[Data entries]
>>>

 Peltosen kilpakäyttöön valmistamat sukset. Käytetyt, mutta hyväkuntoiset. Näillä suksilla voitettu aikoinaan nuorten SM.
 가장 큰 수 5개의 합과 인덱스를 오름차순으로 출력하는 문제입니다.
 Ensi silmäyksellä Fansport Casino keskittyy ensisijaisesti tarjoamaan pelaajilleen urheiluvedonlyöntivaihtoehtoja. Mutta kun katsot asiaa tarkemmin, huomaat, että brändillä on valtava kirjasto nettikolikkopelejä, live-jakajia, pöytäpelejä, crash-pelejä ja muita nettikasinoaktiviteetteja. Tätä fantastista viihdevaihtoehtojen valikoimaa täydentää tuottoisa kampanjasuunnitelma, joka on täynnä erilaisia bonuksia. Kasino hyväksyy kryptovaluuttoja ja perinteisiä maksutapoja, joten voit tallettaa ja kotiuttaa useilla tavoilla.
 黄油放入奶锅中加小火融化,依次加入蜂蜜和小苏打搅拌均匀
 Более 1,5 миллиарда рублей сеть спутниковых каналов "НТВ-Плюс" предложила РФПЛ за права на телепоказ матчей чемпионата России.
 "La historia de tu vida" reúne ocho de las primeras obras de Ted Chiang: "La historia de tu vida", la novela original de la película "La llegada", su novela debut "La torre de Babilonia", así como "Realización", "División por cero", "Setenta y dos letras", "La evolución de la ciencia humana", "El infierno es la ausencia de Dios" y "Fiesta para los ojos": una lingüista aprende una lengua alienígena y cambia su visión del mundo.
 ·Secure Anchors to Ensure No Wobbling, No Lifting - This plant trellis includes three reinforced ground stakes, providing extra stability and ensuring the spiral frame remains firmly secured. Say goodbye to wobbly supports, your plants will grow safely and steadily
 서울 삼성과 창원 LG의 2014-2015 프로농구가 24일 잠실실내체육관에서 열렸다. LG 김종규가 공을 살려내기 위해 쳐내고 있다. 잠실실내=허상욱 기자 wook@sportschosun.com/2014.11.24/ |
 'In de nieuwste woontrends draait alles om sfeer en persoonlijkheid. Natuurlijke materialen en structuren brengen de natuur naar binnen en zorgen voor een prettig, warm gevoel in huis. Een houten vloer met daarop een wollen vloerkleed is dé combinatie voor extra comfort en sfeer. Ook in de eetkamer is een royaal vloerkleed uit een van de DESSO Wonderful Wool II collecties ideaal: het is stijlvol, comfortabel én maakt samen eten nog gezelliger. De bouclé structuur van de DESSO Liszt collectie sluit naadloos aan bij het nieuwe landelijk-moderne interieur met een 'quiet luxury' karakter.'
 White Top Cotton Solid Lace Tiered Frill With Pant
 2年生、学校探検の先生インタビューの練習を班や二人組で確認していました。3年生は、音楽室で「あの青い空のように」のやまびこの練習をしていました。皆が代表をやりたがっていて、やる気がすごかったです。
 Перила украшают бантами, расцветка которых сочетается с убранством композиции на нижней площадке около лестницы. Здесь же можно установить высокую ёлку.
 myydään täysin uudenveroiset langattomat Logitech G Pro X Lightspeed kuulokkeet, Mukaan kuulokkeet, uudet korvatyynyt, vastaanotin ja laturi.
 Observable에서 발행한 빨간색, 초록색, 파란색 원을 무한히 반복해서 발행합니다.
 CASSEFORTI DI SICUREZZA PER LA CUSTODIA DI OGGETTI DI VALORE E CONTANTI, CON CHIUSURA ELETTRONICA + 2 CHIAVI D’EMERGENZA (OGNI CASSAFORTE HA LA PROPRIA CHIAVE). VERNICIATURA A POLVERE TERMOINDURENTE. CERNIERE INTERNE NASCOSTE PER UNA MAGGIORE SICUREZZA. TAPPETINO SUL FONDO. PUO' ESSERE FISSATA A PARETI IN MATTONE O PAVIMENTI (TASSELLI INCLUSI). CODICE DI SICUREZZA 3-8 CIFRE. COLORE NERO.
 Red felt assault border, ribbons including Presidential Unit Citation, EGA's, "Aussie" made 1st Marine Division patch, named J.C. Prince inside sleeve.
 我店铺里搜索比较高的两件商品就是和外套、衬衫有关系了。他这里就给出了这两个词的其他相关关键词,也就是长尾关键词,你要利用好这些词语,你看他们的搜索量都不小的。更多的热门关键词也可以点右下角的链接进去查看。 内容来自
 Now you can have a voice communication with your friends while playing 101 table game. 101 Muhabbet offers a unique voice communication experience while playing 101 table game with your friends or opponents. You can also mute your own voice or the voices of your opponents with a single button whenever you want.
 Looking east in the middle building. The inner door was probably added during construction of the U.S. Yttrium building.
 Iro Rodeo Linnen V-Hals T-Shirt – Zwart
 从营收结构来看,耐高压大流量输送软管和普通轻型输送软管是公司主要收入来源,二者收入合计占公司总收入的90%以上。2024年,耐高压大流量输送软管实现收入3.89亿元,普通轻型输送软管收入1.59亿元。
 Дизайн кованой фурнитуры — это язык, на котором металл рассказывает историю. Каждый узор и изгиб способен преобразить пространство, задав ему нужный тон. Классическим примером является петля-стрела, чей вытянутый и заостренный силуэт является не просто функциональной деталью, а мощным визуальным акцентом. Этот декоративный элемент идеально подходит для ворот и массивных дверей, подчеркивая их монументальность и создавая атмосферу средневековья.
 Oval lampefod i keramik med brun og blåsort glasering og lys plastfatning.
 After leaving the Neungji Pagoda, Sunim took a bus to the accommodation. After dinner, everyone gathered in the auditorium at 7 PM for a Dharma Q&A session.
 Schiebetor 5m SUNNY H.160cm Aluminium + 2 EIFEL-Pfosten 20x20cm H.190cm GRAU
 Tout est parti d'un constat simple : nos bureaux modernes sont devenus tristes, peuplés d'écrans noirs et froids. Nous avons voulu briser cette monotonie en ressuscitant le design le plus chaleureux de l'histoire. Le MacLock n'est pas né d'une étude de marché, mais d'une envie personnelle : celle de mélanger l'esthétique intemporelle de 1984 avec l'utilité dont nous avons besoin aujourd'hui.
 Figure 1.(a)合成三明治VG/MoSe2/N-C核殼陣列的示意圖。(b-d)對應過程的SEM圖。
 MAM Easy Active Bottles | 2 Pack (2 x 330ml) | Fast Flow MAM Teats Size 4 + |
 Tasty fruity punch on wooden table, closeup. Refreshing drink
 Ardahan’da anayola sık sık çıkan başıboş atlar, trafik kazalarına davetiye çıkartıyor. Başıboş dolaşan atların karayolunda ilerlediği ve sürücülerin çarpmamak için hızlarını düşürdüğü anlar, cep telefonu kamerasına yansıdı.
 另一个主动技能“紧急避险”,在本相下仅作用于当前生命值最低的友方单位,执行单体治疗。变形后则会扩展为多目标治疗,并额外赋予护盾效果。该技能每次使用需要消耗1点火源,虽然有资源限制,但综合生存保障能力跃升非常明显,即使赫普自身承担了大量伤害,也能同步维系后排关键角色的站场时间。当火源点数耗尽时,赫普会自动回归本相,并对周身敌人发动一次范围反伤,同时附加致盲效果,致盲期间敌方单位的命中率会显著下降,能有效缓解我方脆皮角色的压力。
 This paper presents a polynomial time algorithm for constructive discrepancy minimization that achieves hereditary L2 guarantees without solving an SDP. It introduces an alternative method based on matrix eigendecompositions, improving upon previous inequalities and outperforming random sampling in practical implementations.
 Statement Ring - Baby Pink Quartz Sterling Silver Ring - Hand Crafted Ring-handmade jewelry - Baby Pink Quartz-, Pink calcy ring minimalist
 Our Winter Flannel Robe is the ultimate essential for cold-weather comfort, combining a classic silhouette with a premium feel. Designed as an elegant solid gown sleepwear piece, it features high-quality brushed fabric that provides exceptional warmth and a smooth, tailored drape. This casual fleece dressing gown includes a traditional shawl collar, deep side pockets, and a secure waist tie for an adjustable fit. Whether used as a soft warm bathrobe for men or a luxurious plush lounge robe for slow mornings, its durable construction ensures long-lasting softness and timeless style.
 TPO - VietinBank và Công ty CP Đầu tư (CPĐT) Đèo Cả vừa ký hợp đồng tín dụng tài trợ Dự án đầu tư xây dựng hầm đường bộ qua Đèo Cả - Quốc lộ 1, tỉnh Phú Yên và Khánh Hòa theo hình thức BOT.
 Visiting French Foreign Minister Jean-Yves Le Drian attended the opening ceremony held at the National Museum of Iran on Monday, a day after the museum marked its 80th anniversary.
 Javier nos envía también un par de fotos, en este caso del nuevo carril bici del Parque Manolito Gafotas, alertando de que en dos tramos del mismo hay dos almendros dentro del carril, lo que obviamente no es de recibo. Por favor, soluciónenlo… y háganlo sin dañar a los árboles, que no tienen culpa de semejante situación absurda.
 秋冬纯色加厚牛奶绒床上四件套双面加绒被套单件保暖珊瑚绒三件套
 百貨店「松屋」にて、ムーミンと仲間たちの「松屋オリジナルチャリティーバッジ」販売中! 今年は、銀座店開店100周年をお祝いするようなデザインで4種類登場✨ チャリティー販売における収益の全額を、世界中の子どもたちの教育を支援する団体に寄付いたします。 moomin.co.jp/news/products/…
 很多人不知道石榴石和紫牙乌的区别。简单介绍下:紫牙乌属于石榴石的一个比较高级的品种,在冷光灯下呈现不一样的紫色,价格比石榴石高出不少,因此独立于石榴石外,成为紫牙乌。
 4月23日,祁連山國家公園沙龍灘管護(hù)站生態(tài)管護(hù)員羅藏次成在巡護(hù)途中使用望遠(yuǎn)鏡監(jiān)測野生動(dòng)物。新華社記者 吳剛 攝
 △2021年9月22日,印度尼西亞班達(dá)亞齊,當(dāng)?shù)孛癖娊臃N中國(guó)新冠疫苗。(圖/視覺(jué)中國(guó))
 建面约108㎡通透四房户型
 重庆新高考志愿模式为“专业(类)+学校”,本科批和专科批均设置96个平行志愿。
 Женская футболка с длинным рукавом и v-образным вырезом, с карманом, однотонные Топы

<<<

▶ [Problem to solve] Output, from the data above, the lines from the line with "White Top Cotton" to the line with "Observable에서 발행한 빨간색, 초록색, 파란색" exactly as they stand, both ends included and nothing else.

▶ [Answer]
 White Top Cotton Solid Lace Tiered Frill With Pant
 2年生、学校探検の先生インタビューの練習を班や二人組で確認していました。3年生は、音楽室で「あの青い空のように」のやまびこの練習をしていました。皆が代表をやりたがっていて、やる気がすごかったです。
 Перила украшают бантами, расцветка которых сочетается с убранством композиции на нижней площадке около лестницы. Здесь же можно установить высокую ёлку.
 myydään täysin uudenveroiset langattomat Logitech G Pro X Lightspeed kuulokkeet, Mukaan kuulokkeet, uudet korvatyynyt, vastaanotin ja laturi.
 Observable에서 발행한 빨간색, 초록색, 파란색 원을 무한히 반복해서 발행합니다.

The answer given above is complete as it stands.